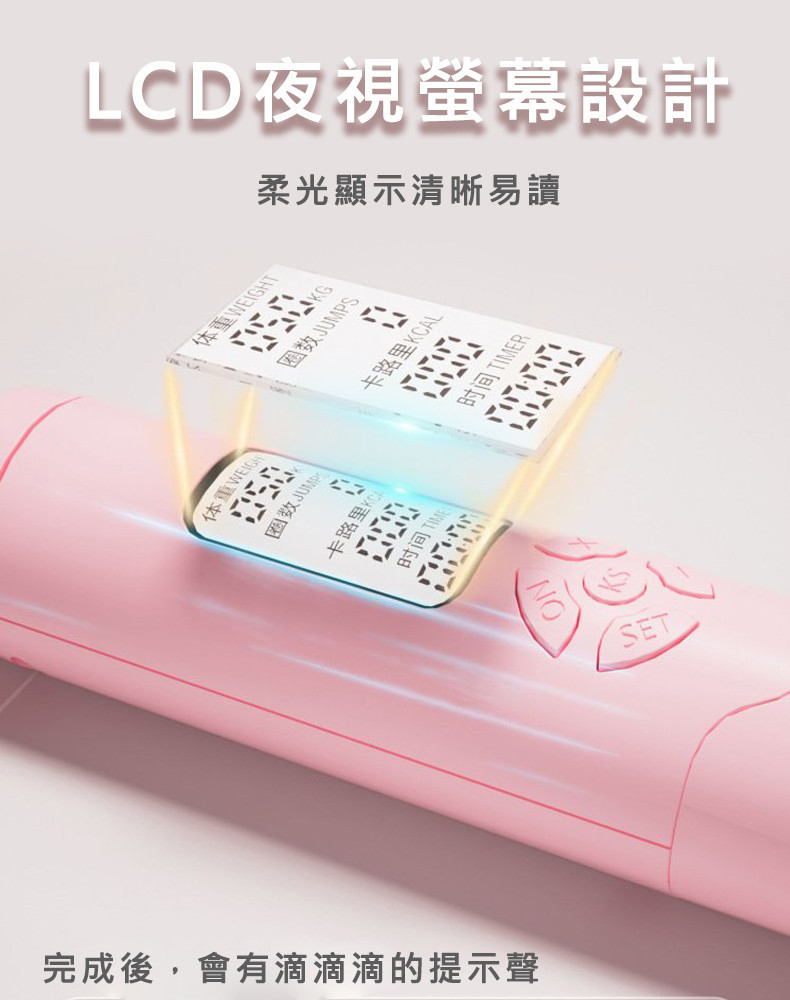 結合 AI 電子晶片與 LCD 夜視螢幕,從計數、卡路里到時間全面掌控,讓跳繩成為最有效率的居家燃脂運動。
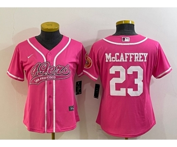 Women's San Francisco 49ers #23 Christian McCaffrey Pink With Patch Cool Base Stitched Baseball Jersey
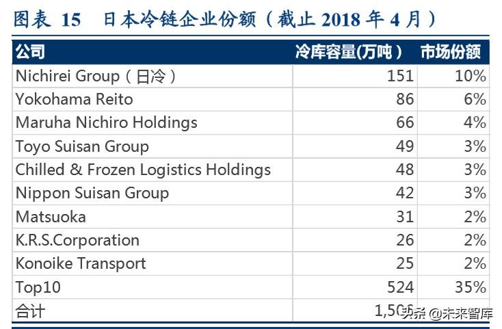 2018 年日本前十大冷链企业份额合计占比 35%,其中最大企业日冷集团占比 10%。按照 2019 年日冷集团数 据,205 万吨的容量,位居世界第五。
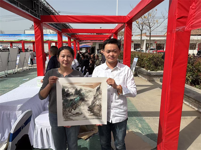 活动现场,市文联开展的义写书画活动人气爆棚。义写书画服务台前被围得水泄不通,百余名群众将这里挤得满满当当。志愿者们铺开宣纸,饱蘸浓墨,笔锋游走间,一幅幅寓意吉祥的书法作品跃然纸上。“鸿福厚德”“敦诗悦礼”等美好祝愿的字词,引得围观群众阵阵赞叹,大家纷纷排队,期待能获赠一份心仪的墨宝。市美协的文艺志愿者现场挥毫泼墨创作绘画作品,花鸟鱼虫、山水风景在他们的笔下栩栩如生,为当地村民们的生活增添了艺术色彩。
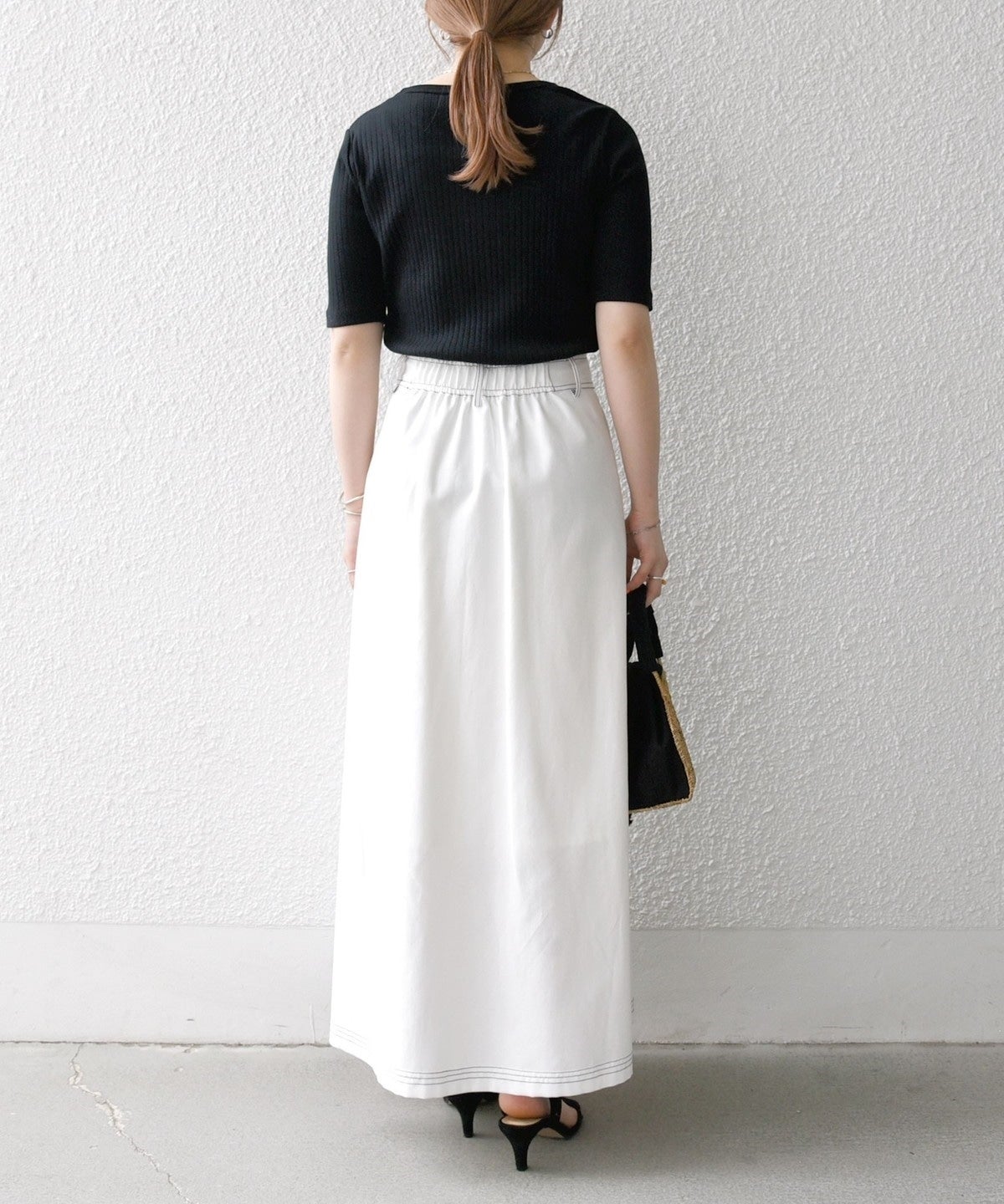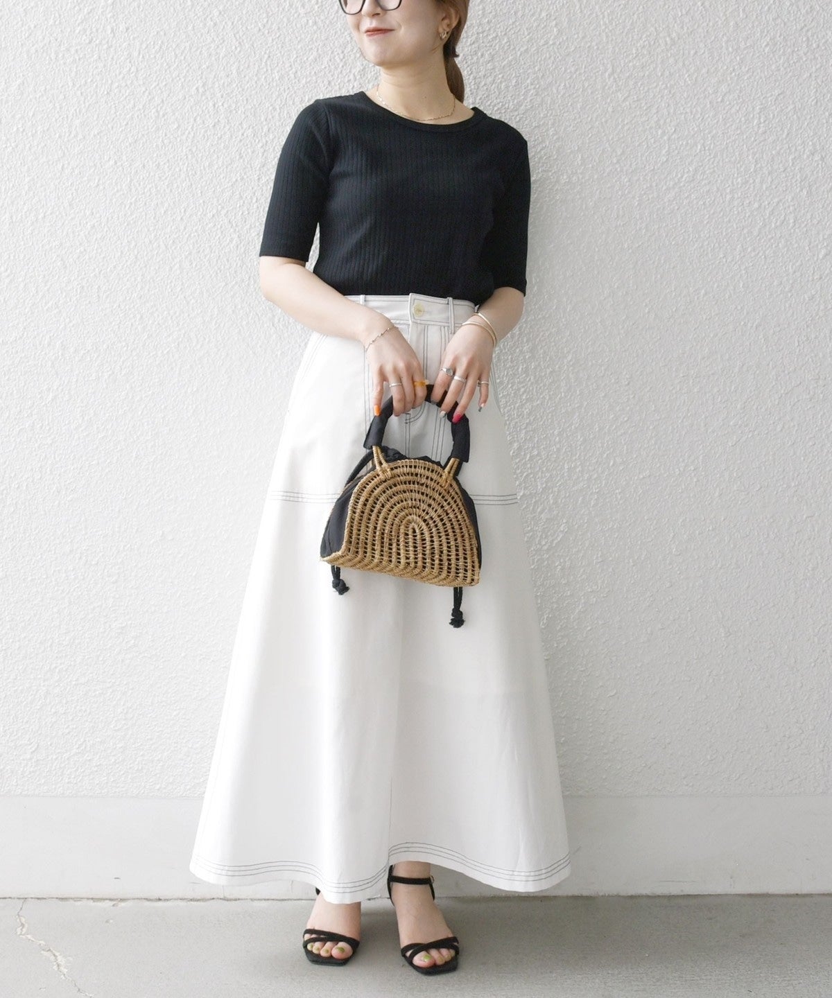 デコルテラインがすっきりと見えるクルーネックをセレクト。
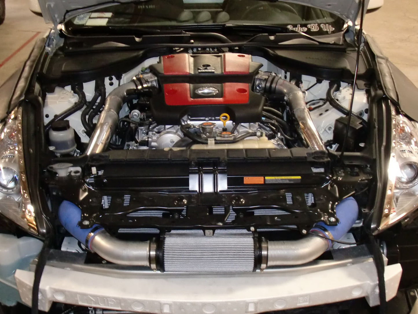 This Takeda performance air intake system uses a unique dual flange filter design engineered to maximize surface area and flow. In recent testing this Takeda "Attack" cold air intake produced 15 horsepower and 16 lbs. x ft. torque, while outflowing the factory intake by 35%. The placement of the unique single air filter specifically designed to fit flawlessly in the area in front of the radiator guarantees a supply of cool, high pressure fresh air for maximum power gains. The Takeda philosophy of "no cutting or drilling" is maintained with this intake system, as flexible high resistance silicone couplings are used to pass through existing openings in the radiator core support. Whether for street or race, this is the ultimate intake system for the 2009-2017 Nissan 370Z V6 3.7L.

■ Task to carry out
An exact transcription of the material is required, without any pictures.

■ Answer space
 結合 AI 電子晶片與 LCD 夜視螢幕,從計數、卡路里到時間全面掌控,讓跳繩成為最有效率的居家燃脂運動。
 Women's San Francisco 49ers #23 Christian McCaffrey Pink With Patch Cool Base Stitched Baseball Jersey
 2018 年日本前十大冷链企业份额合计占比 35%,其中最大企业日冷集团占比 10%。按照 2019 年日冷集团数 据,205 万吨的容量,位居世界第五。
 活动现场,市文联开展的义写书画活动人气爆棚。义写书画服务台前被围得水泄不通,百余名群众将这里挤得满满当当。志愿者们铺开宣纸,饱蘸浓墨,笔锋游走间,一幅幅寓意吉祥的书法作品跃然纸上。“鸿福厚德”“敦诗悦礼”等美好祝愿的字词,引得围观群众阵阵赞叹,大家纷纷排队,期待能获赠一份心仪的墨宝。市美协的文艺志愿者现场挥毫泼墨创作绘画作品,花鸟鱼虫、山水风景在他们的笔下栩栩如生,为当地村民们的生活增添了艺术色彩。
 デコルテラインがすっきりと見えるクルーネックをセレクト。
 This Takeda performance air intake system uses a unique dual flange filter design engineered to maximize surface area and flow. In recent testing this Takeda "Attack" cold air intake produced 15 horsepower and 16 lbs. x ft. torque, while outflowing the factory intake by 35%. The placement of the unique single air filter specifically designed to fit flawlessly in the area in front of the radiator guarantees a supply of cool, high pressure fresh air for maximum power gains. The Takeda philosophy of "no cutting or drilling" is maintained with this intake system, as flexible high resistance silicone couplings are used to pass through existing openings in the radiator core support. Whether for street or race, this is the ultimate intake system for the 2009-2017 Nissan 370Z V6 3.7L.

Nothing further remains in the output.